__Material supplied__.
********************

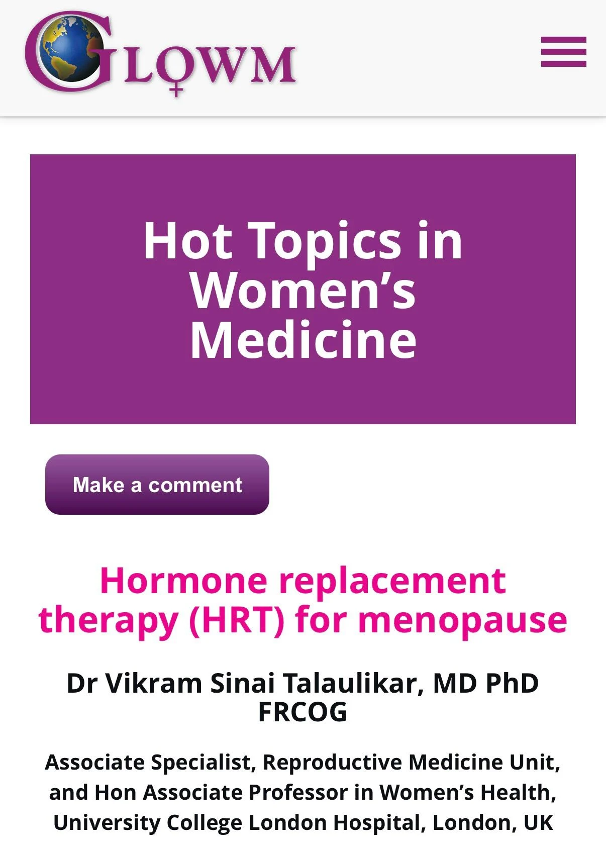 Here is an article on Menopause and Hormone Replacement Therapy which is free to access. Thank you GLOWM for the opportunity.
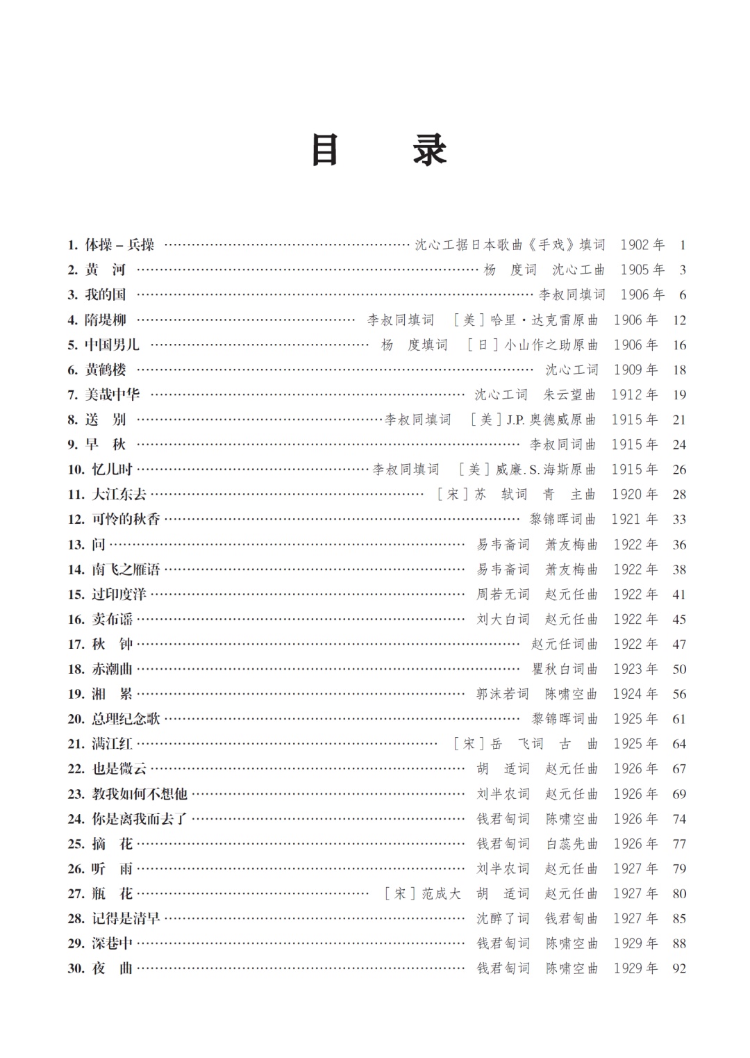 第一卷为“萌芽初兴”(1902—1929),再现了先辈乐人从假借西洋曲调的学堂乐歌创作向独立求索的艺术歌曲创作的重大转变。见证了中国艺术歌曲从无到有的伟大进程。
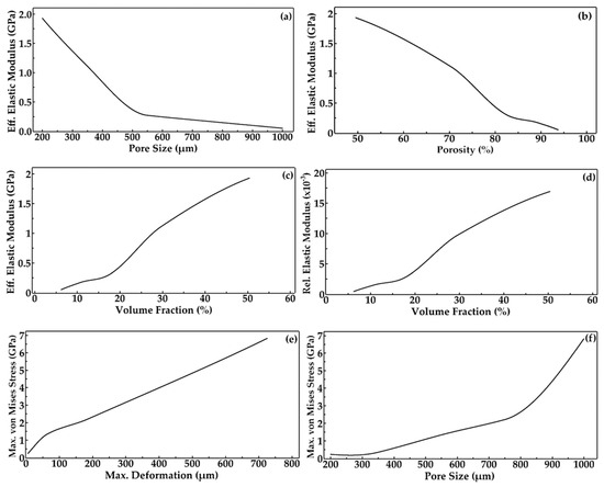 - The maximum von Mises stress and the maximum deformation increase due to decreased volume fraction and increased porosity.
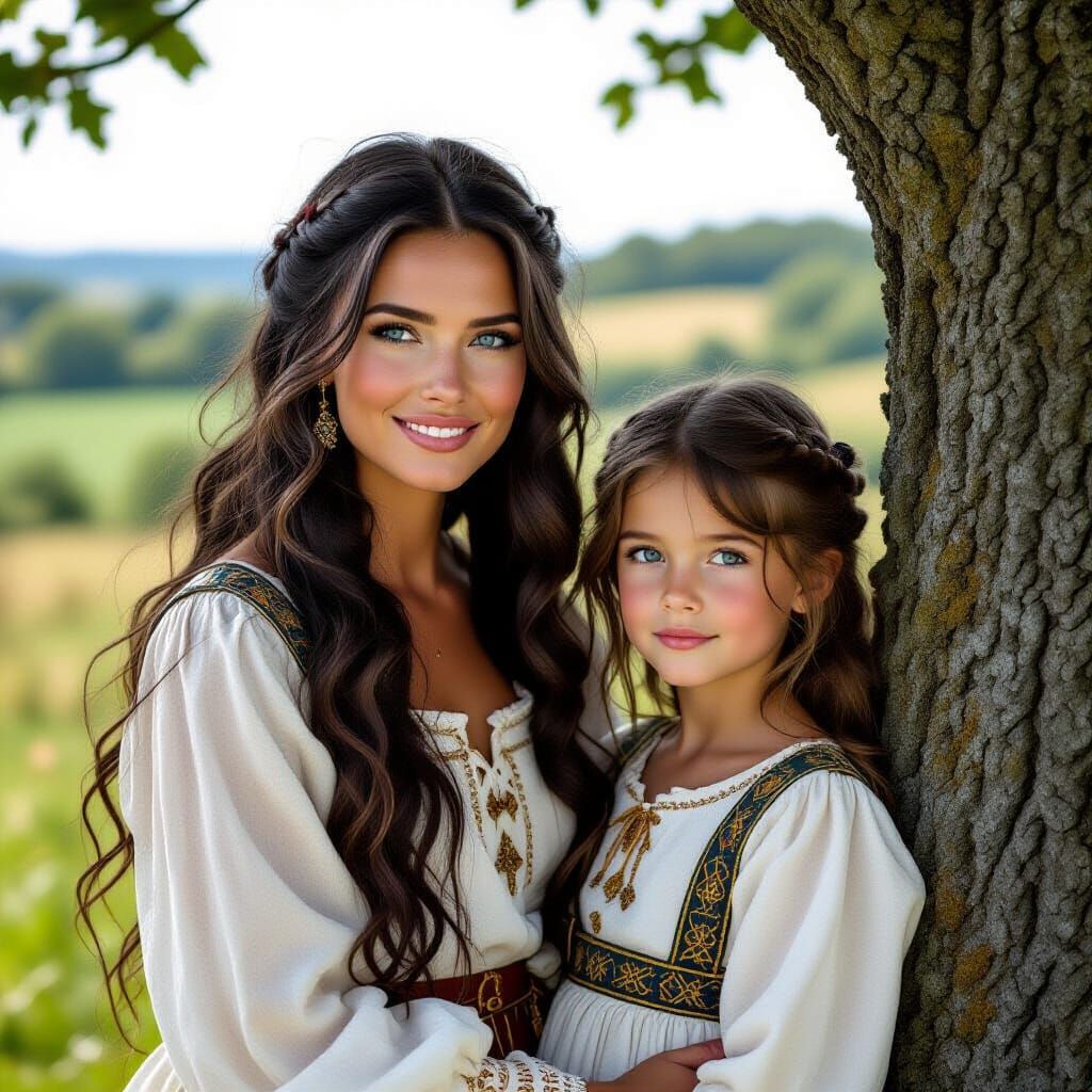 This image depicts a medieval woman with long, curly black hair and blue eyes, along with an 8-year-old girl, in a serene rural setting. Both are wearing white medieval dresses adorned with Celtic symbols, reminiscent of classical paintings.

********************

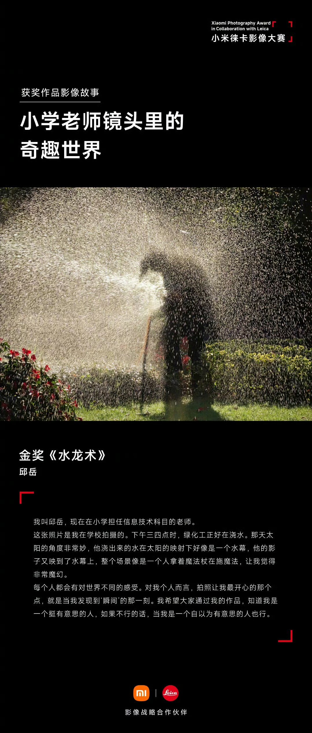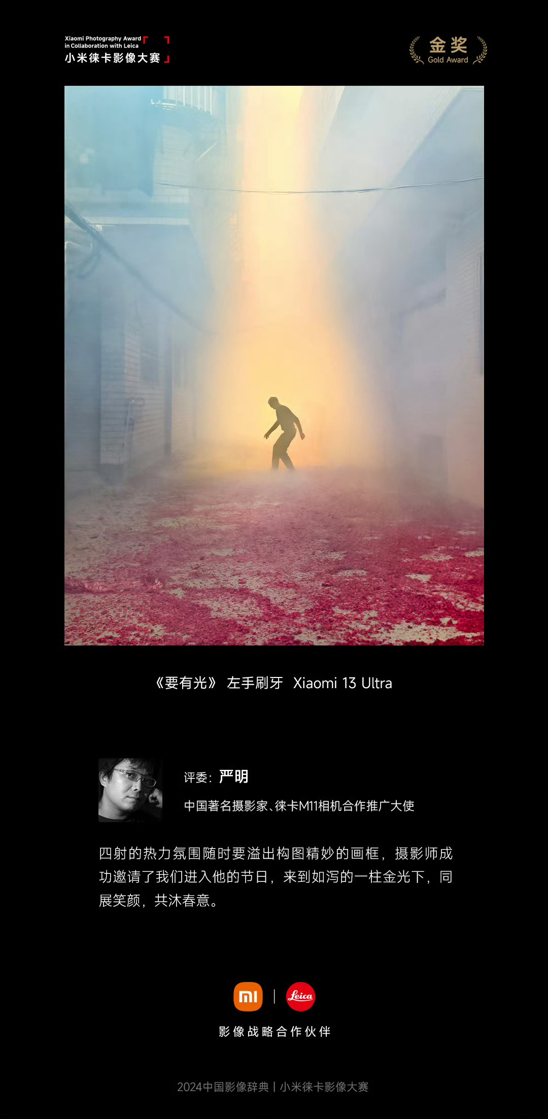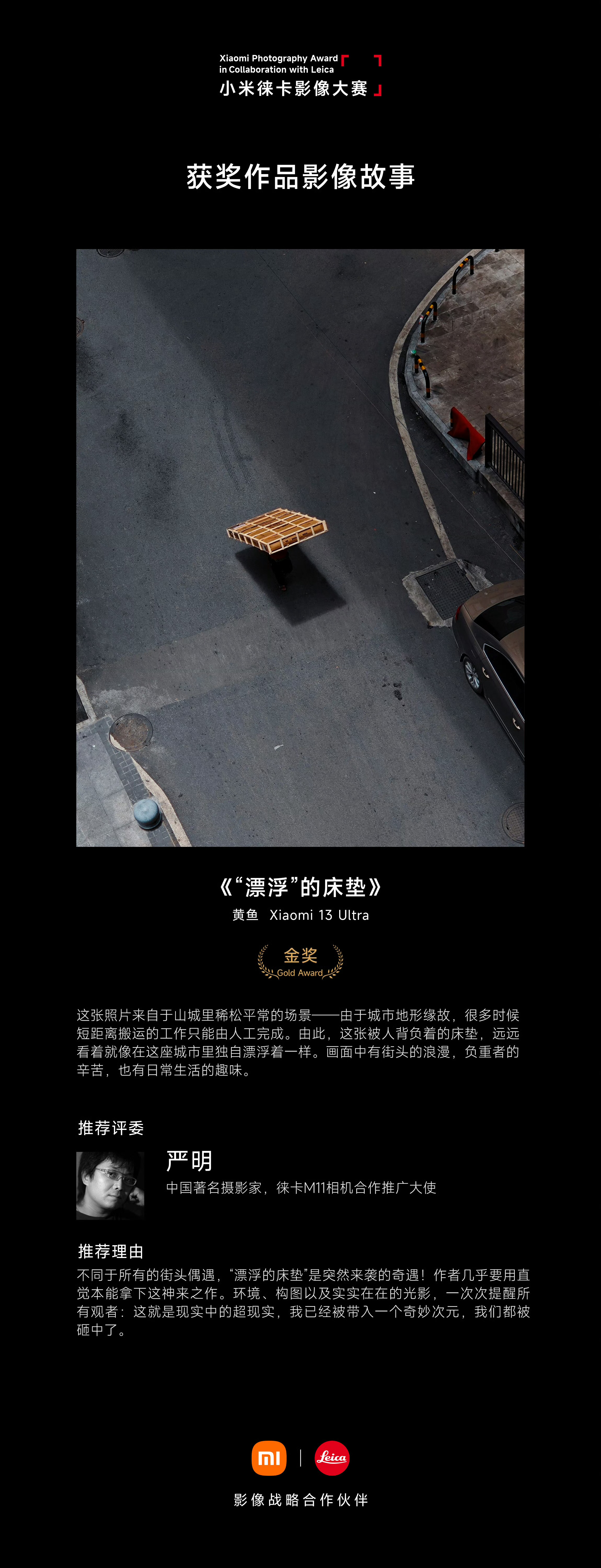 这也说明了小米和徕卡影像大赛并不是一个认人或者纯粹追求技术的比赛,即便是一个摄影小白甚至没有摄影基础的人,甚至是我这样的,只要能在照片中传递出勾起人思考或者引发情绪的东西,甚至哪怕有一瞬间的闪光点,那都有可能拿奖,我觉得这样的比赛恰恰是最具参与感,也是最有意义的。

********************

__Description of the task__. Repeat only the stretch of data above that runs from the line with "Here is an article" to the line with "This image depicts". Keep both end lines; exclude pictures.

__Task solution__.
 Here is an article on Menopause and Hormone Replacement Therapy which is free to access. Thank you GLOWM for the opportunity.
 第一卷为“萌芽初兴”(1902—1929),再现了先辈乐人从假借西洋曲调的学堂乐歌创作向独立求索的艺术歌曲创作的重大转变。见证了中国艺术歌曲从无到有的伟大进程。
 - The maximum von Mises stress and the maximum deformation increase due to decreased volume fraction and increased porosity.
 This image depicts a medieval woman with long, curly black hair and blue eyes, along with an 8-year-old girl, in a serene rural setting. Both are wearing white medieval dresses adorned with Celtic symbols, reminiscent of classical paintings.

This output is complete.